In a Chapter 7 bankruptcy case, a court-appointed trustee seizes your assets and sells them to pay your debts. Federal and state laws exempt some assets, making that property safe from creditors no matter how much you owe. In Illinois, as in other states, federal law applies to the exemption of individual retirement accounts.
Illinois does not have a state-law provision for pensions or retirement savings accounts in bankruptcy. The law defaults to the federal guidelines, which exempts individual retirement accounts, or IRAs, of up to $1.095 million. This covers bankruptcy cases as well as garnishment orders that result from legal actions such as lawsuits.

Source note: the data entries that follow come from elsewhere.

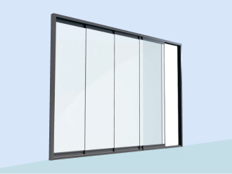 - Книжка. При открытии стеклопакеты последовательно складываются друг на друга, формируя компактный пакет. Это позволяет полностью открыть пространство и обеспечивает удобный доступ наружу или внутрь помещения.
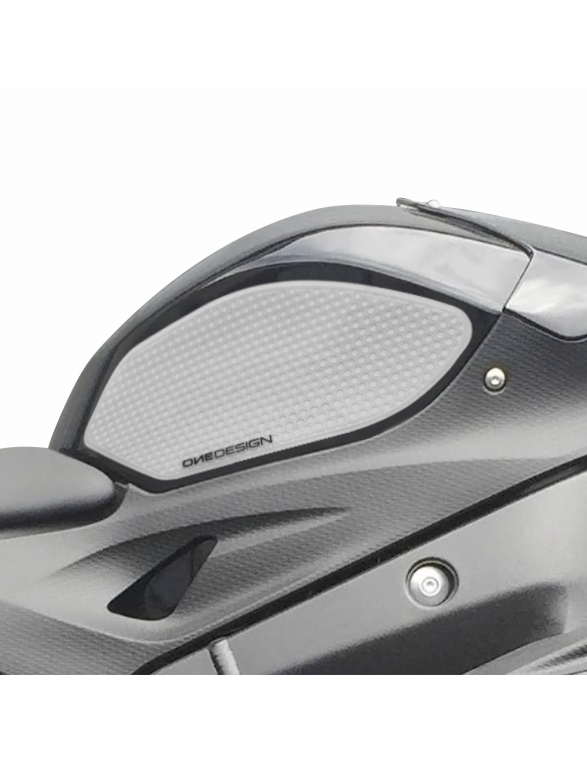 OneDesign tank pad made of high resistant coloured resin: risists fading while high strength adhesive keeps the pad attached. Rubber textured material protects your paint from scratches and provide better grip so you can feel confident with your motorcycle. OneDeign tank pads are designed to perfectly fit your motorcycle fuel tank.
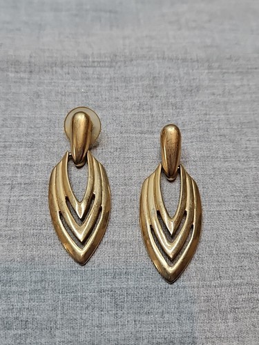 Gold Tone Vertical Leaf Design Style Earrings, 2'' Length Vintage
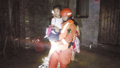 6月10日凌晨3时08分,长汀县汀州镇水门巷88号附近因连日暴雨导致内涝,10名群众被困。消防人员抵达现场后兵分两路,挨家挨户转移群众。截至4时20分,10名被困群众全部脱困。随后,消防人员帮助居民转移冰箱、洗衣机等财物,共计价值近10万元。图为消防员转移被困儿童。
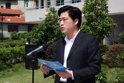 太阳集团122cc团委书记张伟为铜像揭幕,基础学部副主任李启文代表太阳集团122cc六万余师生致辞并敬献花篮。
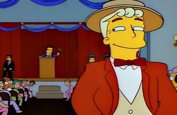 Lyle responds with a chuckle and “Young lady… that’s the most intelligent question I’ve ever been asked”. Lisa responds with a pleased, “Really?” and Lyle sidles up to her to mutter, “Oh, I could give you an answer. But the only ones who’d understand it would be you and me… and that includes your teacher”. Lisa giggles in glee. And the huckster moves on with his scam.
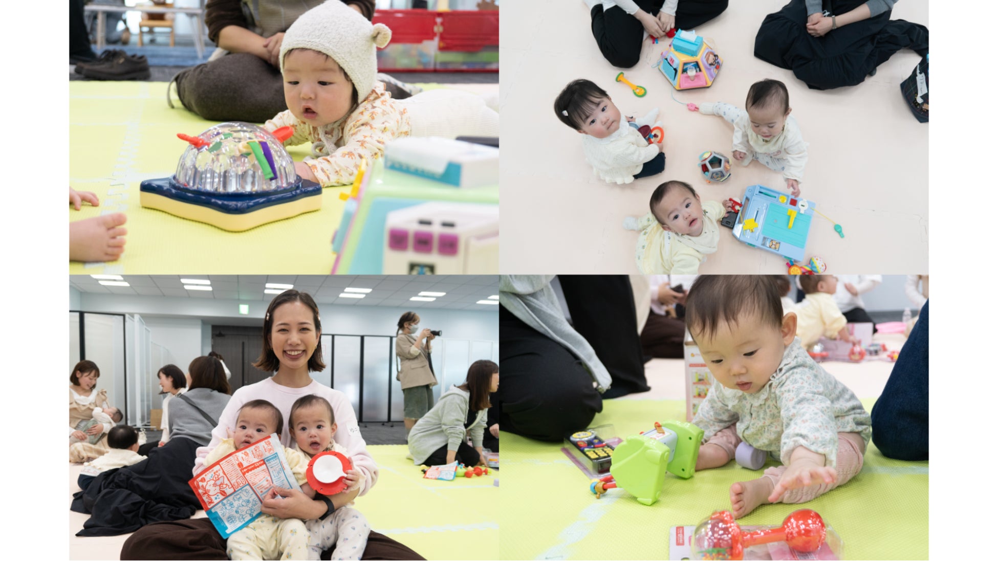 合間には、自由な交流タイムを設けました。会場に設置されたフォトスポットでお子さまとの記念撮影を楽しんだり、月齢が近い赤ちゃん同士が一緒に遊んだり、ママたちが子育て情報を交換したりと、オフラインならではのあたたかい交流の場となりました。
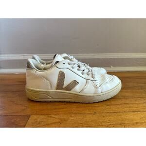Veja Women's V-10 Leather Metallic Logo Patch Low-Top Sneakers size 39 (us 8)
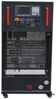 电气控制单元主要包含数控系统、进给驱动、主轴单元、刀架控制电路、冷却控制电路、接口单元、保护电路、电源电路等组成。该单元包含完整的数控车床电气控制部分,内嵌有数控机床智能化考核系统,以及接口转换单元,可以直接与数控机床功能部件进行连接用于真实的电气调试与维修实训;也可以通过接口转换单元和电气安装实训单元连接完成对数控机床功能部件的调试。立式结构符合真实的数控电气安装环境,器件布局与实际机床一致,符合GB/T5226.1-1996标准,可以更贴合实际岗位要求进行技能训练。
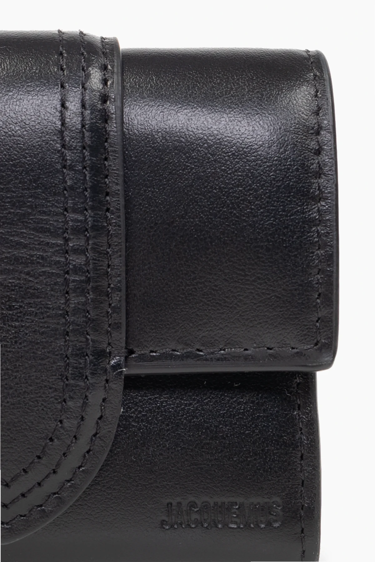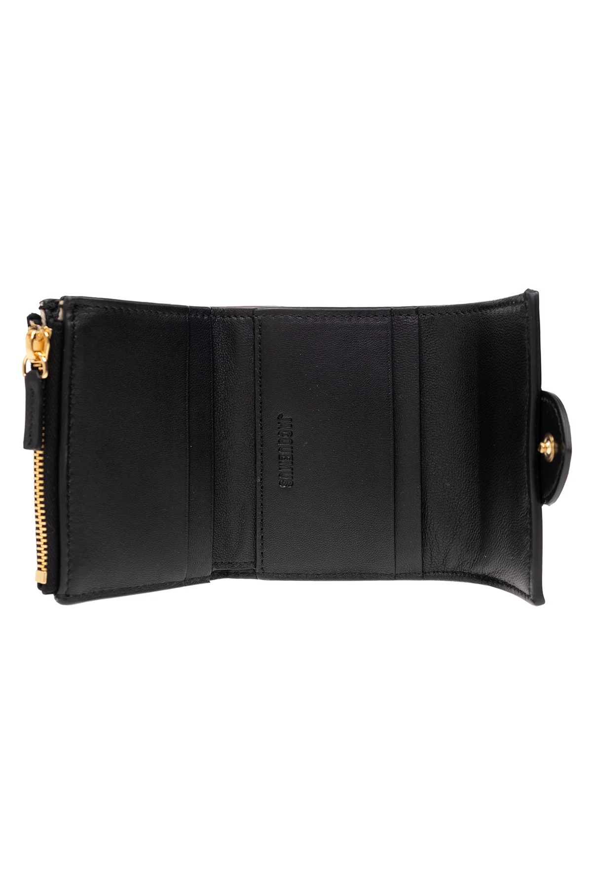 Czarny portfel, model 'Le Compact Bambino' Jacquemus. Wykonany ze skóry. Zamykany na zatrzask. Z przodu ozdobiony wytłoczonym logo. Z tyłu wsuwana kieszeń. Wewnątrz kieszeń na monety zamykana na zamek, przegroda na banknoty i cztery miejsca na karty.
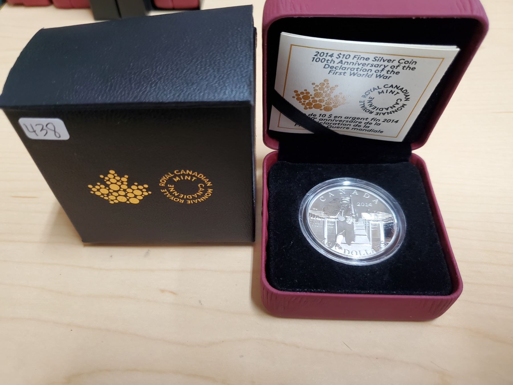 Canada 2014 $10 fine silver coin, 100th Ann. of Declaration WWI, COA
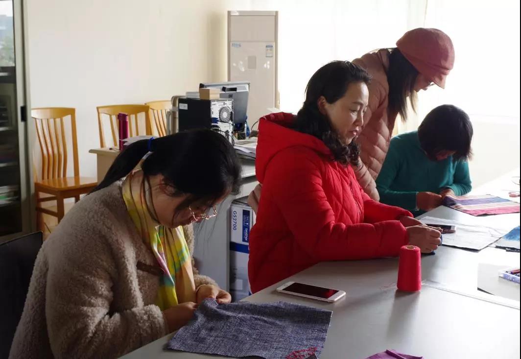 初春的午后,阳光暖暖地洒进来,更为工作室增添了一份浓浓的暖意,女党员们集聚一堂,在专业老师的指导下,开始了布包的设计及制作体验。一针一线,女性独有的柔美、灵巧在举手投足间流动了起来;短短几个小时,一件件精美小巧的布包呈现出来。精致的绣花,质朴的肌理,柔和亦或强烈的色彩对比,勾勒出每一位制作者的艺术特质。
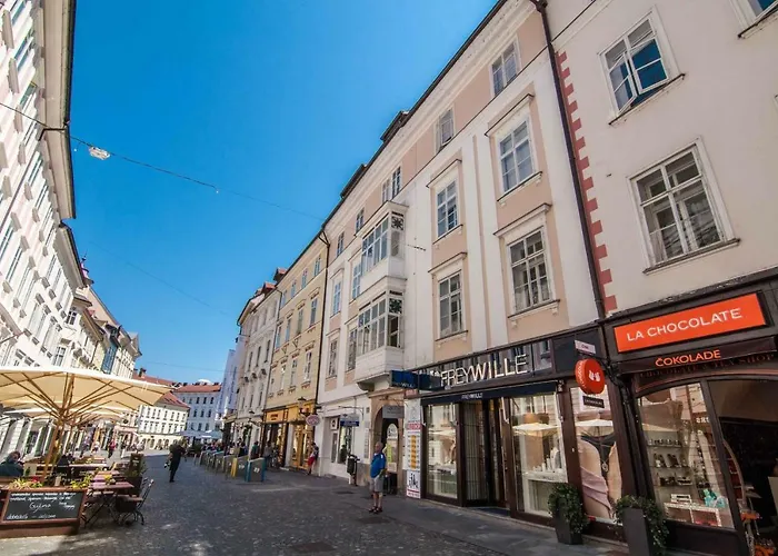 Elegant Central Apartment リュブリャナはプレシェーレン広場とフランシスコ会の受胎告知教会から歩いてわずか5分に位置し、都市の景色を望めます。 テラスを提供するアパートは市内の中心に位置しています。
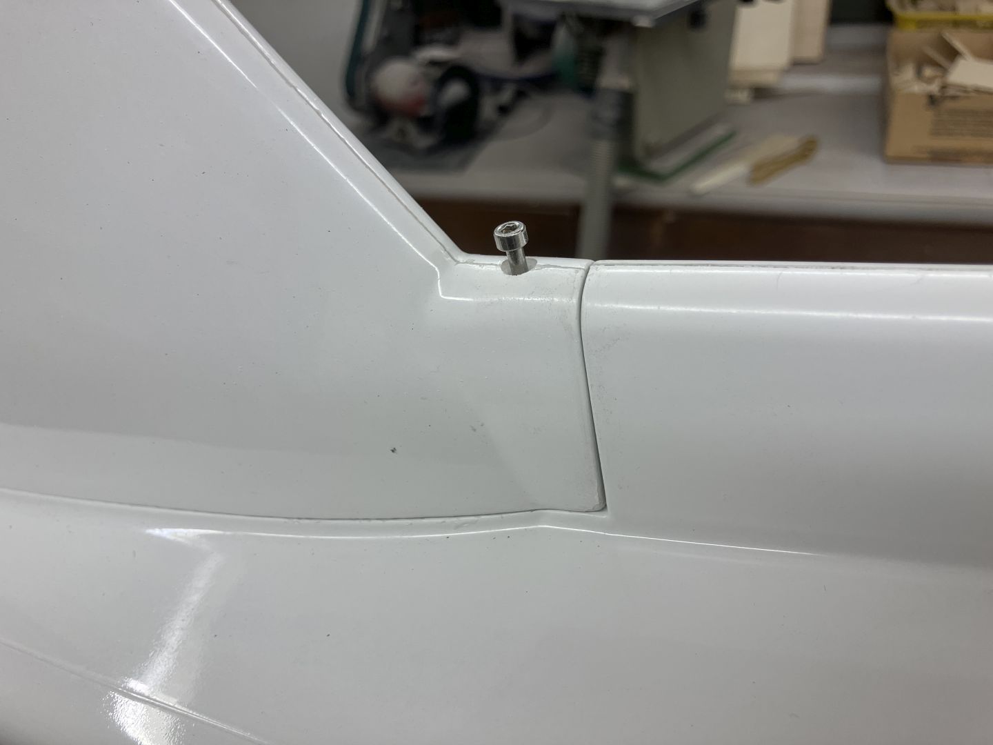 Die Verschraubung vom abnehmbaren Seitenleitwerk
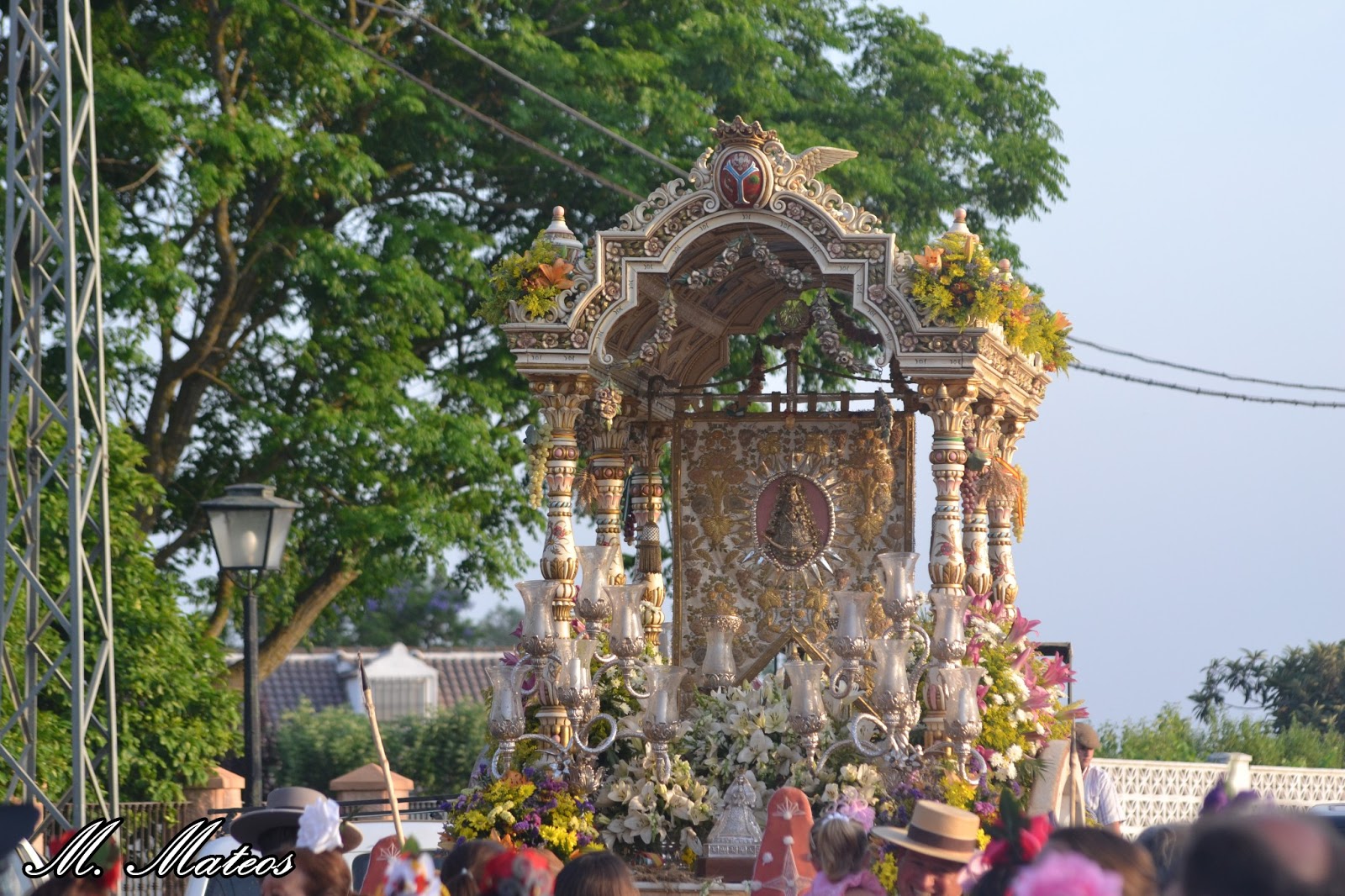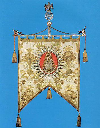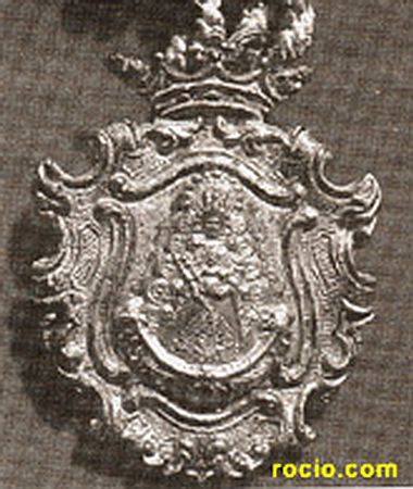 Fabricada en metal plateado, con la figura de la Virgen en dorado y con sus atributos de Reina; diadema, ráfagas, rostrillo, cetro, saya bordada, media luna a los pies y el Pastorcillo en los brazos. Toda ella rodeada de de volutas y trozos de pergaminos ajironados. Se timbra el conjunto con una corona abierta de estilo marquesal.
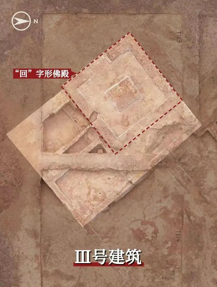 ▲“回”字形佛殿分为方形和长方形两种,Ⅲ号建筑中的“回”字形佛殿为方形。
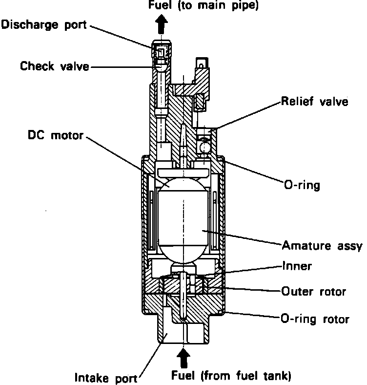 The fuel pump is a submersed circumference flow pump comprised of a DC motor, impeller, pump casing, and pump cover. The assembly utilizes an inlet filter, a pressure relief valve, and a check valve. The fuel pump is controlled by the Electronic Control Module (ECM) through the control relay. Fuel enters the inlet port through the tank filter and flows inside the motor to the discharge port. The discharge port contains a check valve to maintain residual fuel pressure when the pump is shut off. If fuel flow to the injection manifold is obstructed, fuel pressure is bypassed to the inlet port by the pressure relief valve.
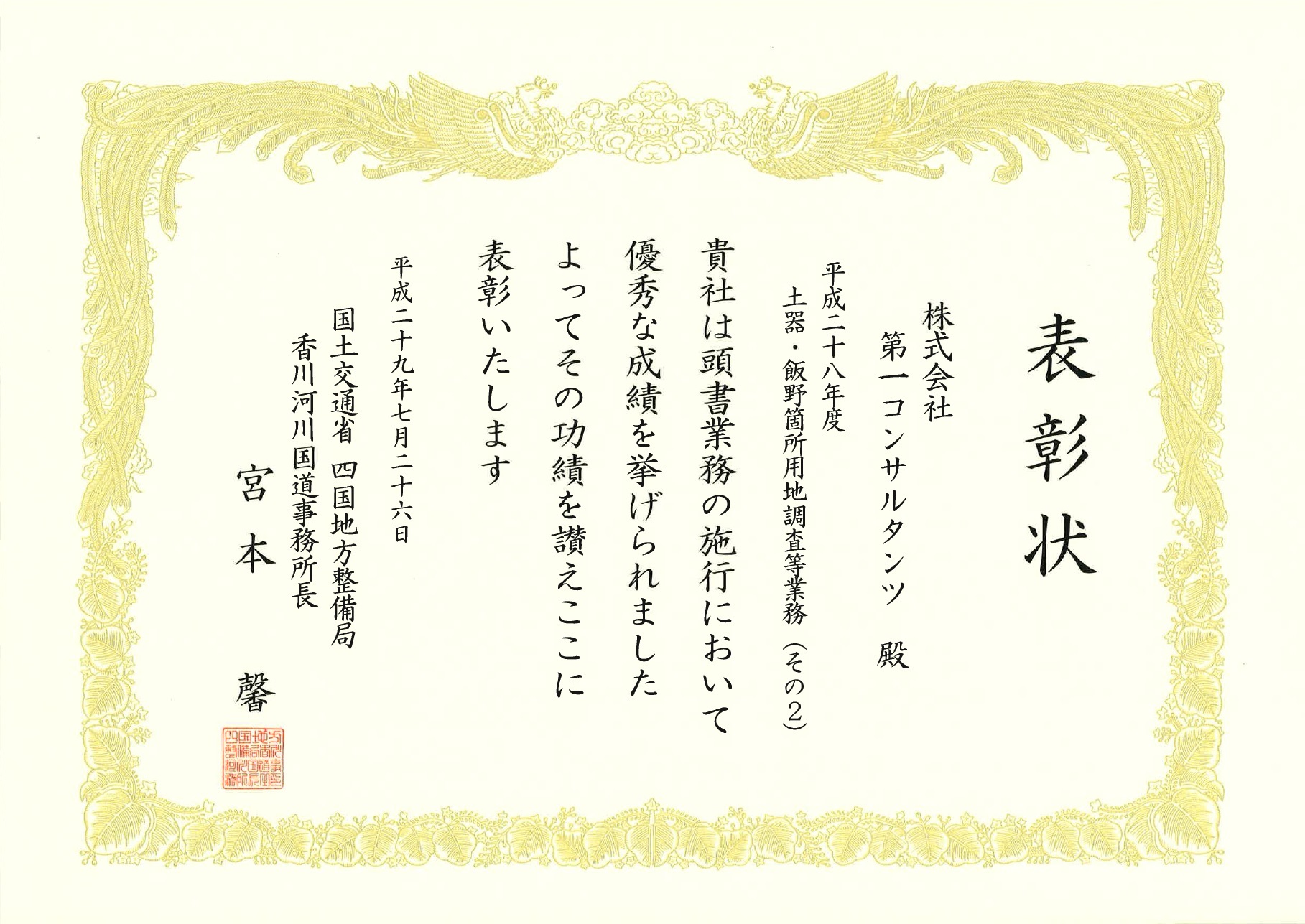 平成29年7月26日に香川河川国道事務所において平成29年度国土交通行政関係功労者表彰式があり、

In Illinois, there is no dollar limit on other types of tax-exempt, employer-sponsored pension plans, including a simplified employee pension or SEP, a 401(k), a profit-sharing plan or a SIMPLE plan. If you are in bankruptcy, you can exempt these accounts from trustees and debt collectors.
If you are married and each spouse holds an IRA, federal law exempts both retirement accounts. The exemption extends to traditional IRAs, in which contributions are deductible up to a limited amount, and to Roth IRAs, where withdrawals rather than contributions are tax-free. In theory, you could also apply the Illinois $4,000 "wildcard" exemption to IRA assets, but since very few IRAs hold more than $1.095 million, this would rarely be useful.
The federal law governing IRA exemptions is found in U.S. Code 11 522(a)(C)(3). It covers "retirement funds to the extent that those funds are in a fund or account that is exempt from taxation under ... the Internal Revenue Code." This includes funds that are rolled over from one tax-exempt IRA to another, or rolled over from an employer-sponsored plan to an IRA.